Пропустите воздействия через векторную модель (VAR) авторегрессии
Y = filter(Mdl,Z)Y = filter(Mdl,Z,Name,Value)[Y,E] =
filter(___)
дополнительные опции использования заданы одним или несколькими аргументами пары "имя-значение". Например, можно задать внешние данные о предикторе или масштабировать ли воздействия нижним треугольным Фактором Холесского образцовой инновационной ковариационной матрицы.Y = filter(Mdl,Z,Name,Value)

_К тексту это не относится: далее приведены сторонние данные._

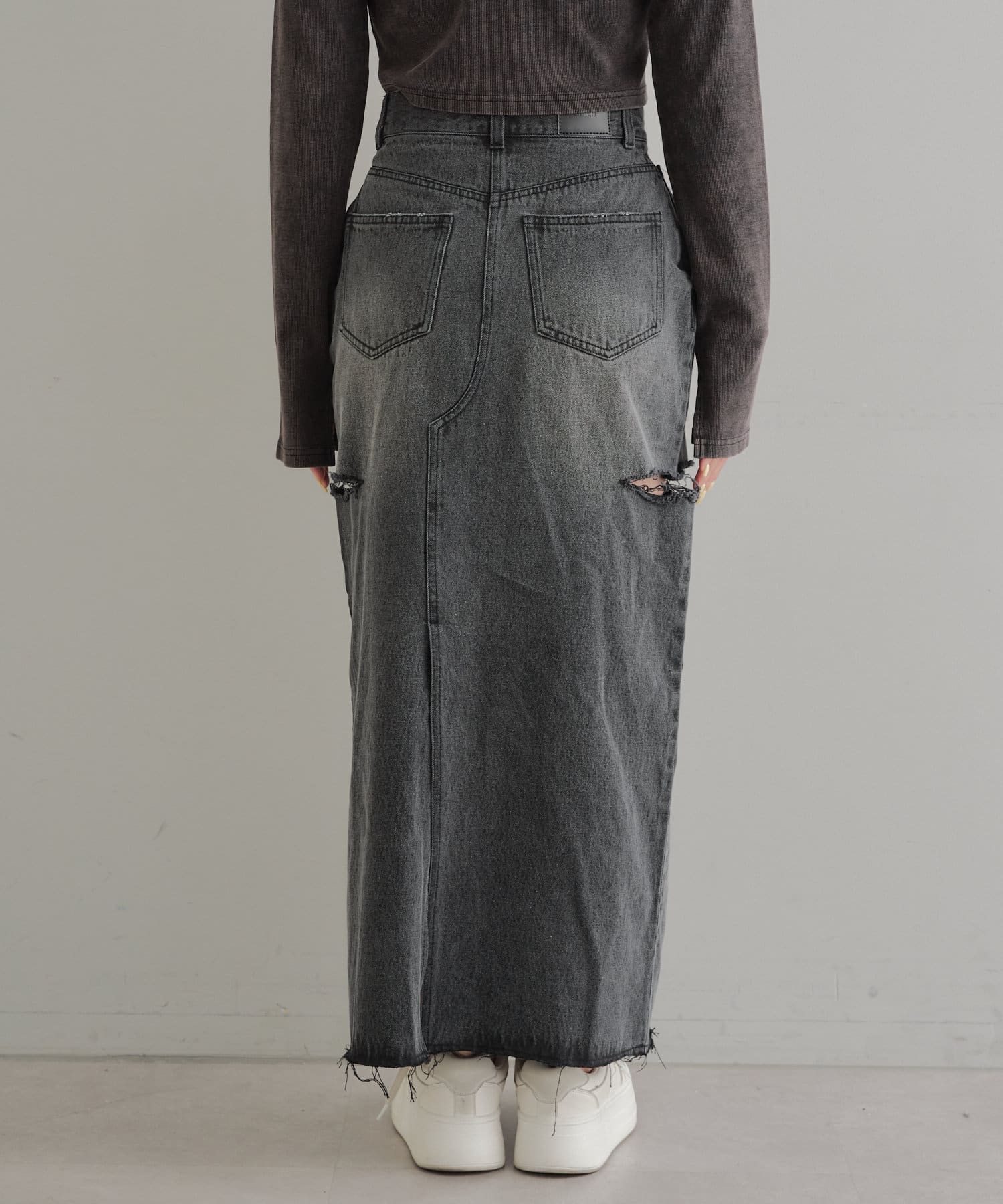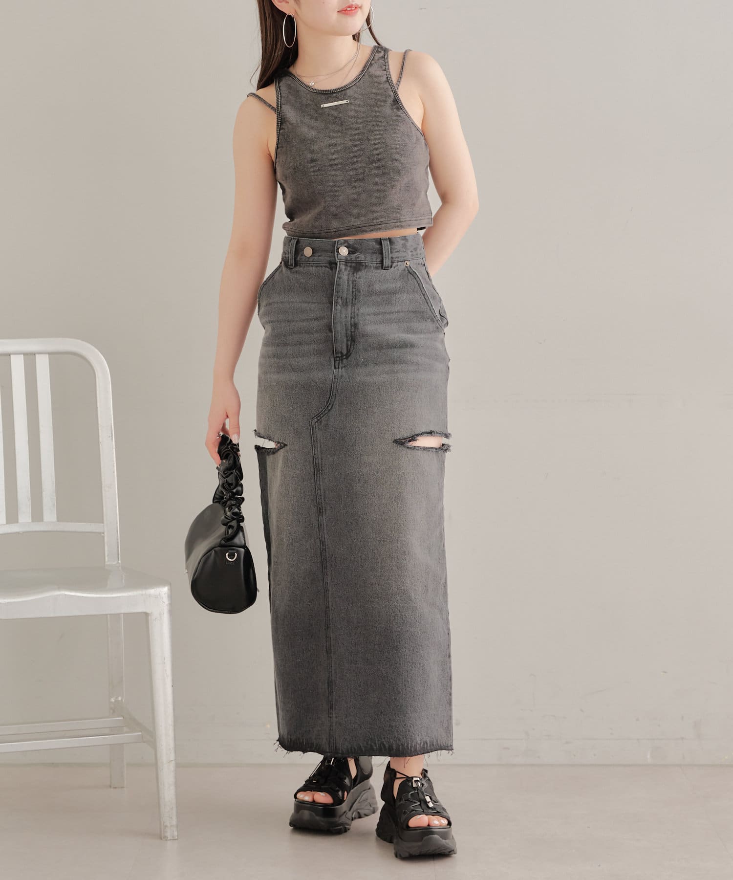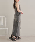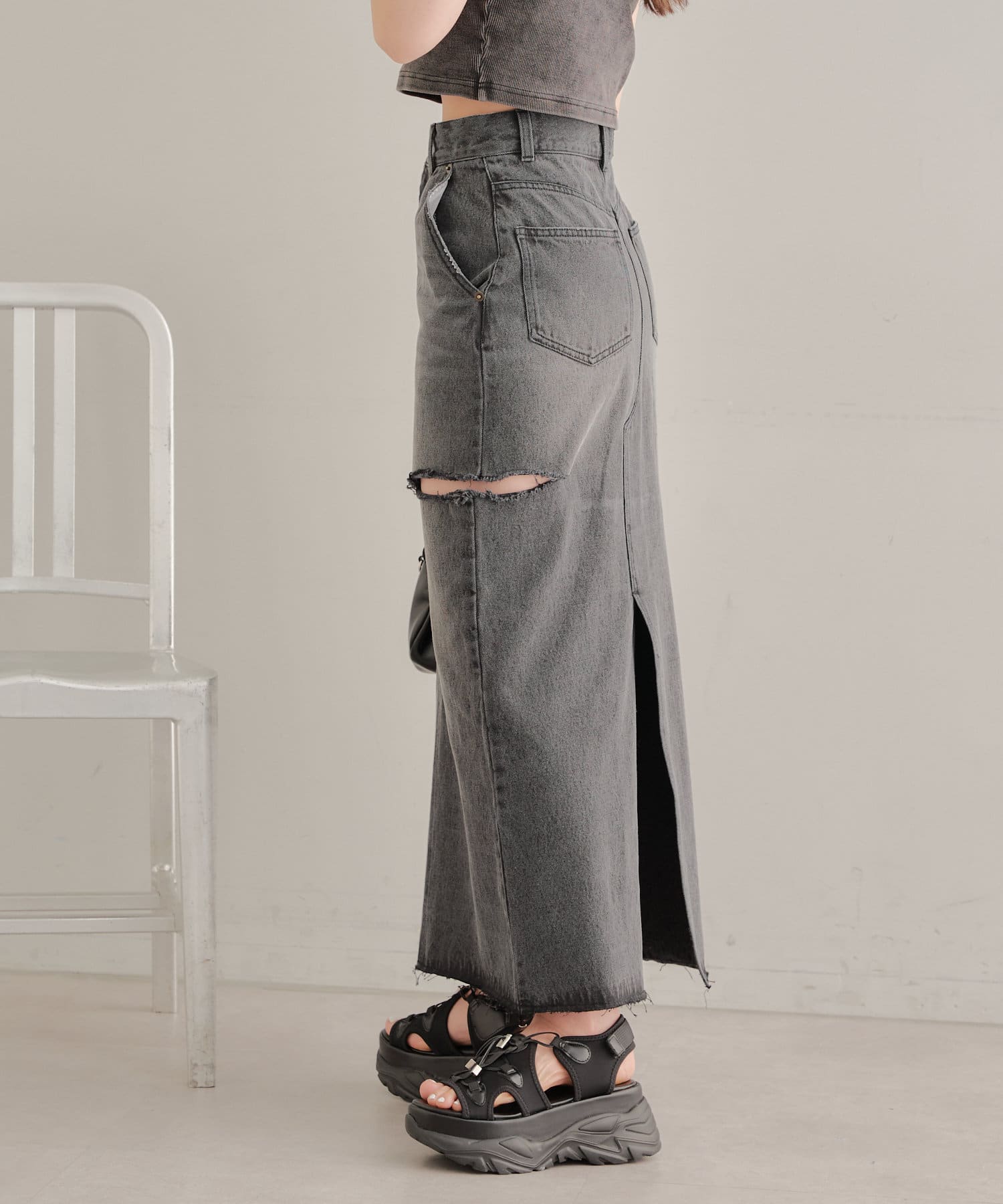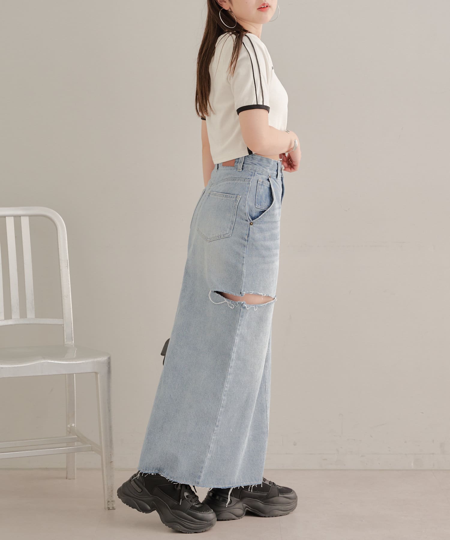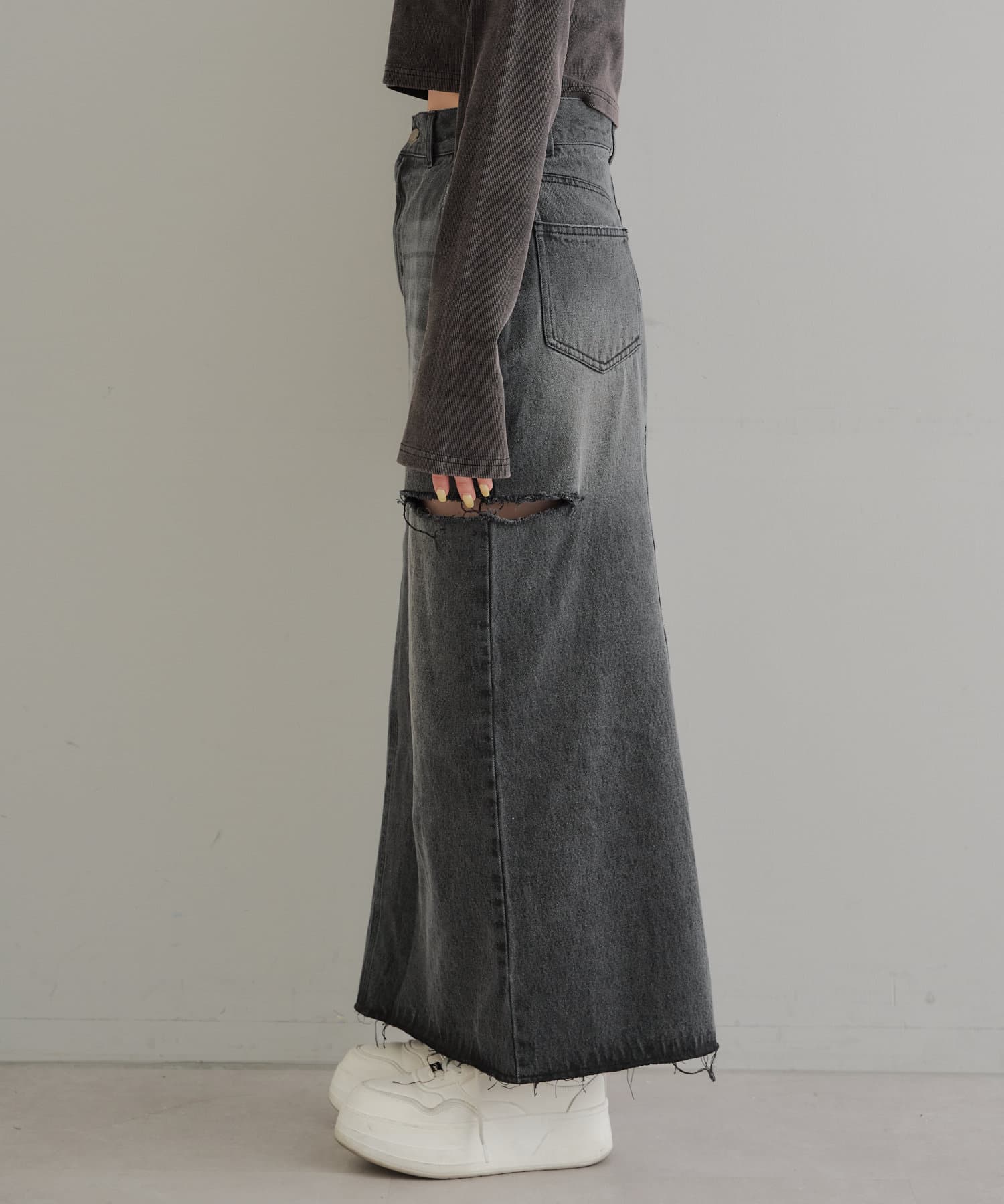 ・ロングスカートでもサイドスリットの程よい肌見せがコーデに抜け感をプラス。

filter вычисляет Y и E с помощью этого процесса для каждой страницы j в Z.
Если Scale является true, то = E(:,:,j), где L*Z(:,:,j)L = chol(Mdl.Covariance,'lower'). В противном случае, = E(:,:,j). Установите et = Z(:,:,j).E(:,:,j)
является yt в этой системе уравнений.Y(:,:,j)
Для определений переменной см. Определения.
filter обобщает simulate. И функции пропускают ряд воздействия через модель, чтобы произвести ответы и инновации. Однако, тогда как simulate генерирует серию среднего нуля, модульного отклонения, независимые Гауссовы воздействия Z, чтобы сформировать инновации E = L*Z, filter позволяет вам предоставить воздействия от любого распределения.
filter использует этот процесс, чтобы определить источник времени t 0 из моделей, которые включают линейные тренды времени.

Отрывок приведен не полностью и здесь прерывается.